──────── TASK INPUT ────────

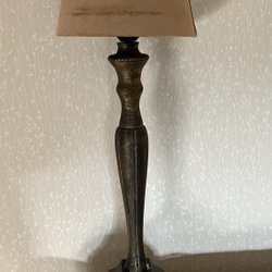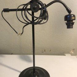 Bordlampe med en højde på 30 cm. Lampen har en sort top og en grå base. Den er udstyret med en ledning og stik.
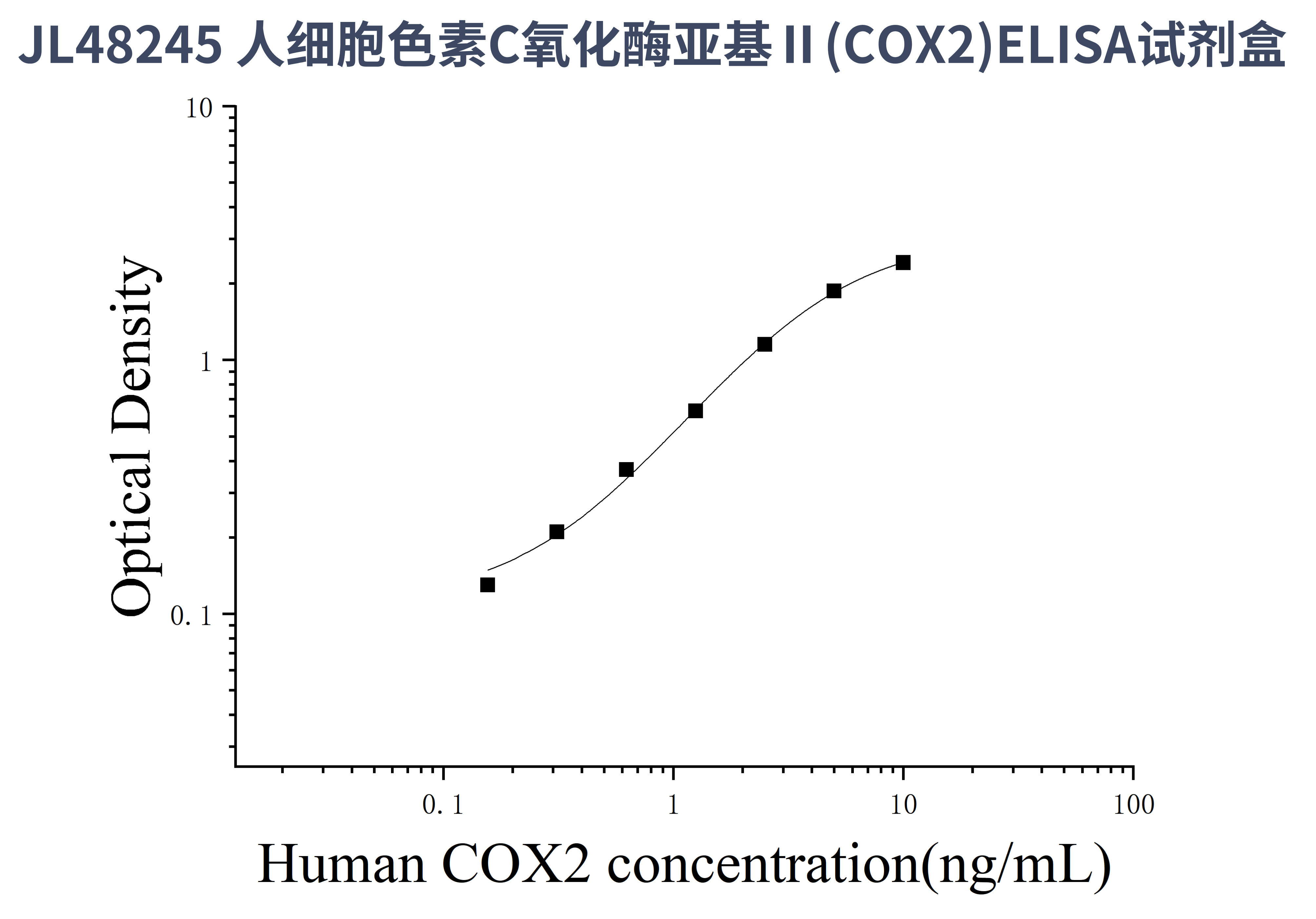 由于实验操作条件的不同( 如操作者、移液技术、洗板技术和稳定条件等),标准曲线的OD值会有所差异。以下数据和曲线仅供参考,实验者需根据自己的实验建立标准曲线。
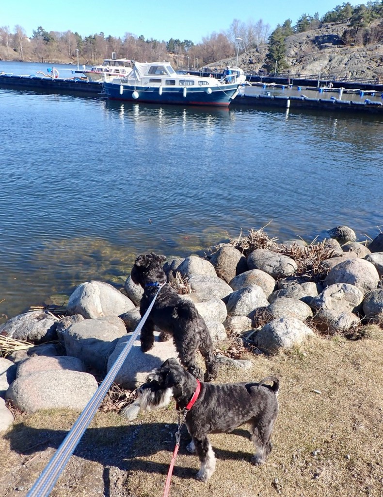 Nere vid båtklubben är det full aktivitet det är stor sjösättning i helgen. Några höll på och satte i sina båtar lite tidigare. Vi tyckte det var lite spännande att titta på dem som rörde sig på bryggorna.
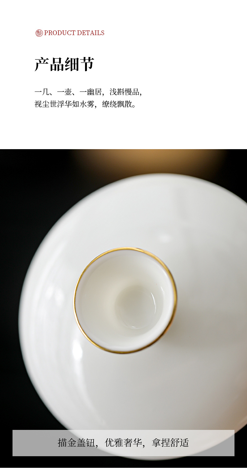 羊脂玉白瓷盖碗三才简约功夫茶具家用单个泡茶碗批发可做logo礼品
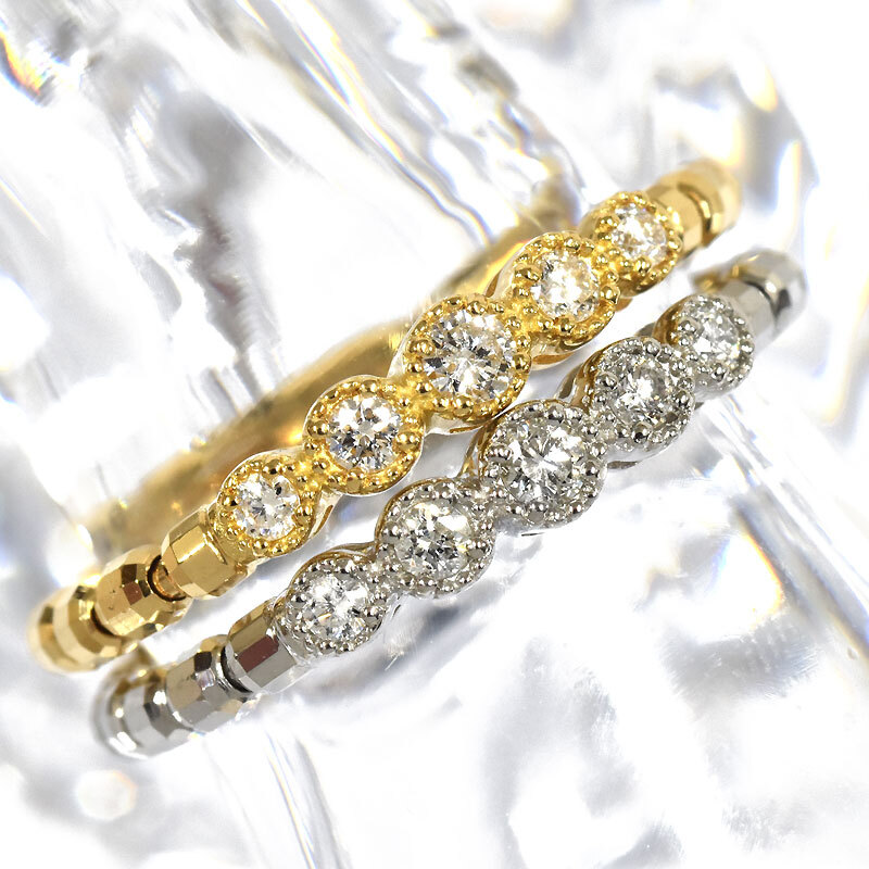 コメント | サイズフリーの伸縮性のあるリングです。 サイズが分からない方へのサプライズプレゼントはもちろん、 太ってサイズが変わる心配もなければ、いろんな指にはめてお楽しみ頂けます。 単体でも重ね付けでも上品な輝きを放つミラーボールです。 こちらは、ダイヤモンドの周りにはお花のようなミル打ちが施されており、アンティークな雰囲気を醸し出しています。 |
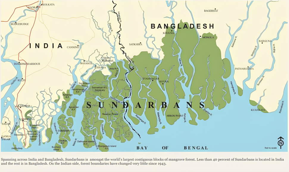 - भौगोलिक स्थिति: सुंदरबन दुनिया का सबसे बड़ा सतत मैंग्रोव वन है, जो गंगा, ब्रह्मपुत्र और मेघना नदियों के डेल्टा पर बंगाल की खाड़ी में गिरने वाला है।
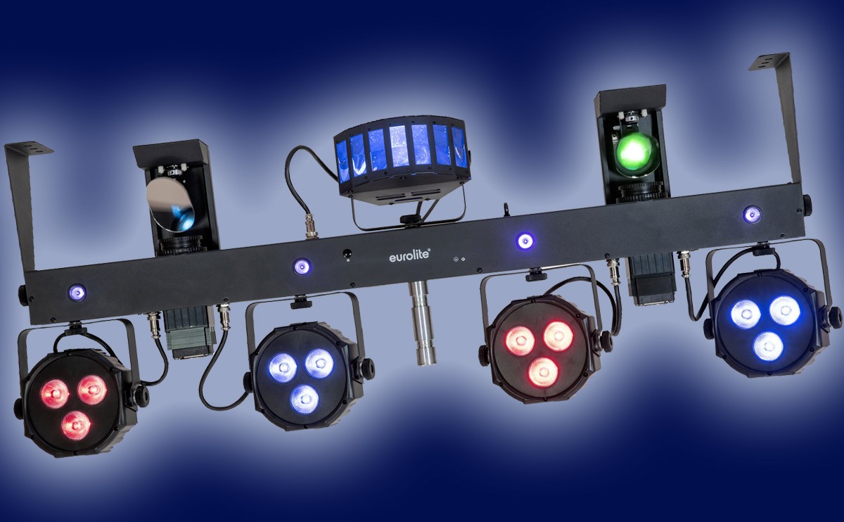 Genau so etwas haben wir hier. Das EUROLITE LED KLS Scan Next FX Kompakt-Lichtset der Firma Steinigke aus Waldbüttelbrunn:
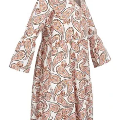 JACQUELINE DE YONG JDY By ONLY Damen Kleid Viskose Blusenkleid Mit V-Neck Paisley Print Weiss Orange

────────

→ ASSIGNMENT: The data must be repeated exactly. Any pictures in it are to be left out.

→ RESULT OF THE EXERCISE:
 Bordlampe med en højde på 30 cm. Lampen har en sort top og en grå base. Den er udstyret med en ledning og stik.
 由于实验操作条件的不同( 如操作者、移液技术、洗板技术和稳定条件等),标准曲线的OD值会有所差异。以下数据和曲线仅供参考,实验者需根据自己的实验建立标准曲线。
 Nere vid båtklubben är det full aktivitet det är stor sjösättning i helgen. Några höll på och satte i sina båtar lite tidigare. Vi tyckte det var lite spännande att titta på dem som rörde sig på bryggorna.
 羊脂玉白瓷盖碗三才简约功夫茶具家用单个泡茶碗批发可做logo礼品
 コメント | サイズフリーの伸縮性のあるリングです。 サイズが分からない方へのサプライズプレゼントはもちろん、 太ってサイズが変わる心配もなければ、いろんな指にはめてお楽しみ頂けます。 単体でも重ね付けでも上品な輝きを放つミラーボールです。 こちらは、ダイヤモンドの周りにはお花のようなミル打ちが施されており、アンティークな雰囲気を醸し出しています。 |
 - भौगोलिक स्थिति: सुंदरबन दुनिया का सबसे बड़ा सतत मैंग्रोव वन है, जो गंगा, ब्रह्मपुत्र और मेघना नदियों के डेल्टा पर बंगाल की खाड़ी में गिरने वाला है।
 Genau so etwas haben wir hier. Das EUROLITE LED KLS Scan Next FX Kompakt-Lichtset der Firma Steinigke aus Waldbüttelbrunn:
 JACQUELINE DE YONG JDY By ONLY Damen Kleid Viskose Blusenkleid Mit V-Neck Paisley Print Weiss Orange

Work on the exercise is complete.